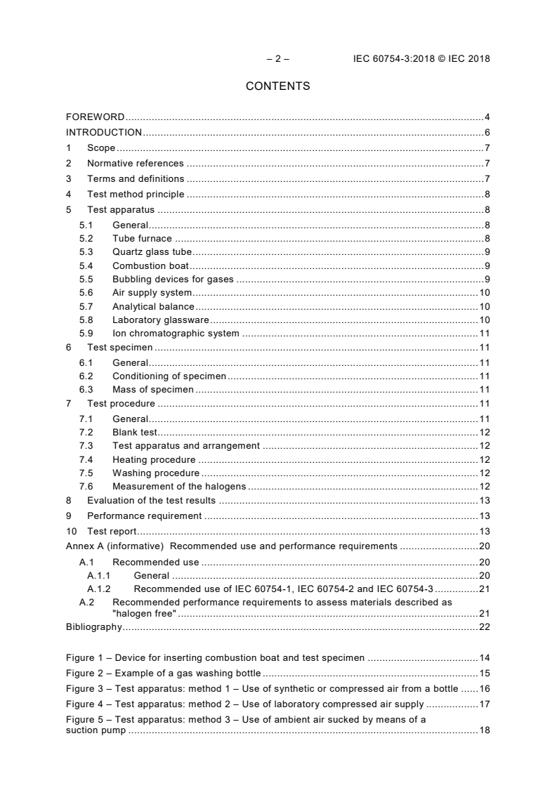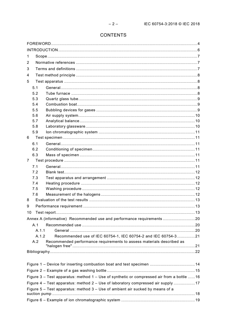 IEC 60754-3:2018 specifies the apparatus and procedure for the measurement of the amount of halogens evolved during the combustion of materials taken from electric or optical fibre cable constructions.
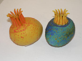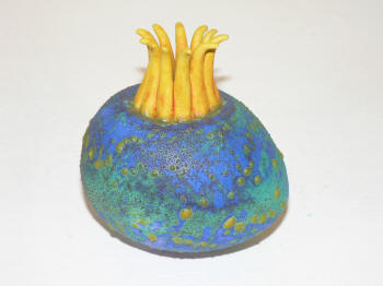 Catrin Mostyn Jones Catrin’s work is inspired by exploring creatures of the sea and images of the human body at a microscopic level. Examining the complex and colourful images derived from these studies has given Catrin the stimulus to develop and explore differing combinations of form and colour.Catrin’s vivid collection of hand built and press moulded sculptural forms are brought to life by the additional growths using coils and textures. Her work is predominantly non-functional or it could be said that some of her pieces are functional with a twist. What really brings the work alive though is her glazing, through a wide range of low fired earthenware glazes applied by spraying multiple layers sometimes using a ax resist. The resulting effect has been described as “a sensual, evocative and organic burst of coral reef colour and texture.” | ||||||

● ● ● ● ●

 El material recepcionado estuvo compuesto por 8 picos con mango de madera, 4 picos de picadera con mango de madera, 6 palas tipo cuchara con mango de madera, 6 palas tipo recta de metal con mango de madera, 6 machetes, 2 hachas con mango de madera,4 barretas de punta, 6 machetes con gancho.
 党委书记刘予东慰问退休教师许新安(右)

● ● ● ● ●

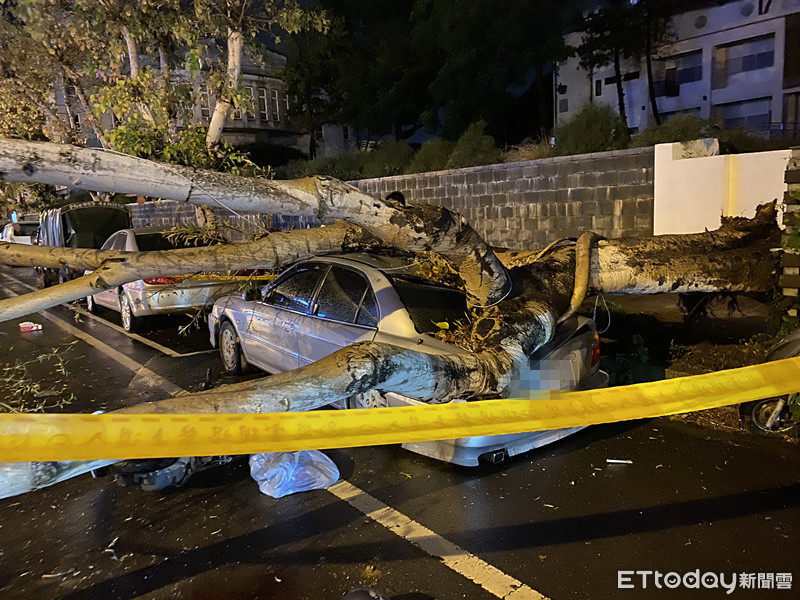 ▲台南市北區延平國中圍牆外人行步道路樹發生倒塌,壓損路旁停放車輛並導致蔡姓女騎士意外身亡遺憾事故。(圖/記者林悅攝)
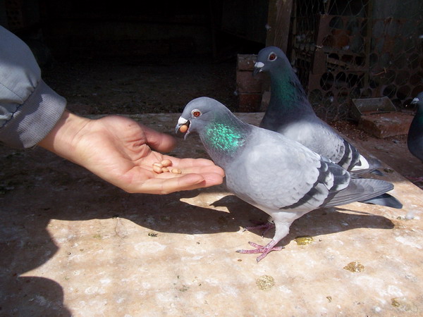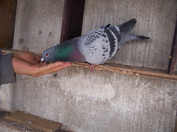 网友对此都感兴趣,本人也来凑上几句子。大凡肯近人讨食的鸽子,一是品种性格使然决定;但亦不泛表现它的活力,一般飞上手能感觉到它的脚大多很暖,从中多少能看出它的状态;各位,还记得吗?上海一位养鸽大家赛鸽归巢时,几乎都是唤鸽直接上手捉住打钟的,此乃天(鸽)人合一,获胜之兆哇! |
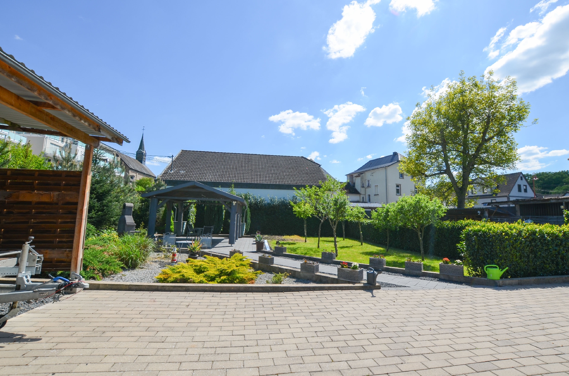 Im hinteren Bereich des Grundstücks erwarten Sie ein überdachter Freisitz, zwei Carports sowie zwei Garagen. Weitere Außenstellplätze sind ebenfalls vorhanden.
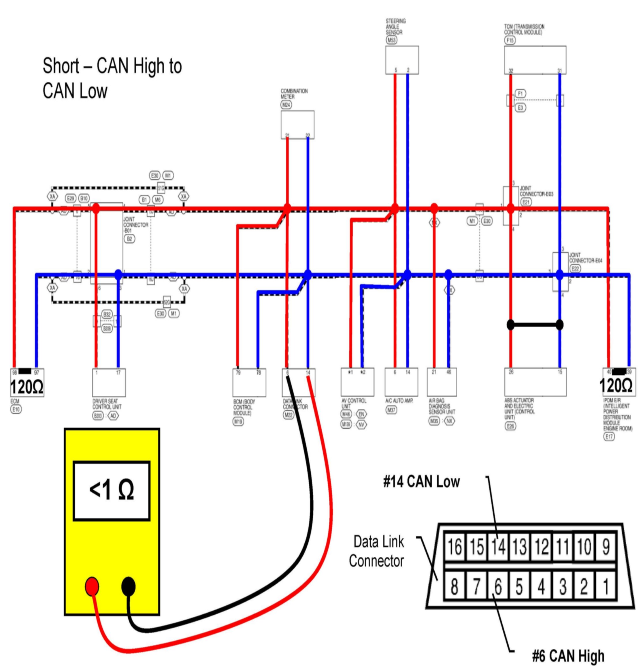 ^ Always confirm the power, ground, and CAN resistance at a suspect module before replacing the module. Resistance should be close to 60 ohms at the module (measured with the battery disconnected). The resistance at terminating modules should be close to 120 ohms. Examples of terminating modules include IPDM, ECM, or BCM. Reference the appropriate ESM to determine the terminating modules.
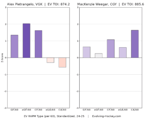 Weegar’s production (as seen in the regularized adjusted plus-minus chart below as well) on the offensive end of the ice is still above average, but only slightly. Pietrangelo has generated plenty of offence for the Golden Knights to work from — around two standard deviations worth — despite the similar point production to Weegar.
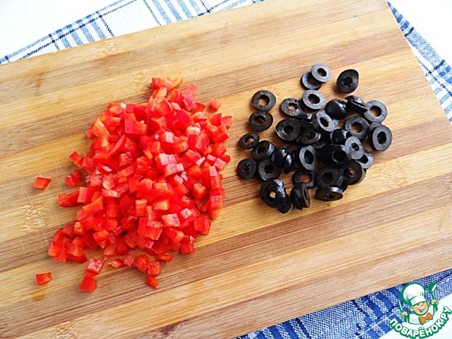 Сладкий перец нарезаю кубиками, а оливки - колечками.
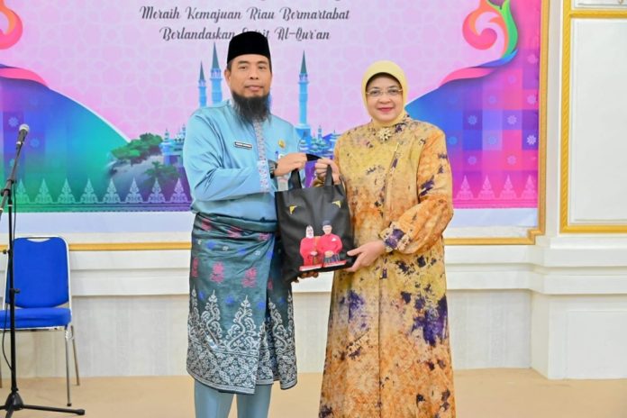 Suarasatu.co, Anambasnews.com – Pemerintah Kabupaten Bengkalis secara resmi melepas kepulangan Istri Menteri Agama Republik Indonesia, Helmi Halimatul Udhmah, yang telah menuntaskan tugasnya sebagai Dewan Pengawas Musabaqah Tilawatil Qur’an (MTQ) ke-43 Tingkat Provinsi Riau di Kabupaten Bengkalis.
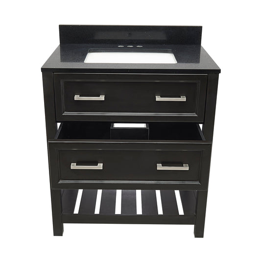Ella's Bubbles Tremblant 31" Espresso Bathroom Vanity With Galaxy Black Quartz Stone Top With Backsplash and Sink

● ● ● ● ●

▶ Exercise description
Nothing except the lines from the one containing "Weegar’s production (as" through the one containing "Сладкий перец нарезаю" should appear in the answer, exactly as above and without pictures.

▶ Solution for this task
 Weegar’s production (as seen in the regularized adjusted plus-minus chart below as well) on the offensive end of the ice is still above average, but only slightly. Pietrangelo has generated plenty of offence for the Golden Knights to work from — around two standard deviations worth — despite the similar point production to Weegar.
 Сладкий перец нарезаю кубиками, а оливки - колечками.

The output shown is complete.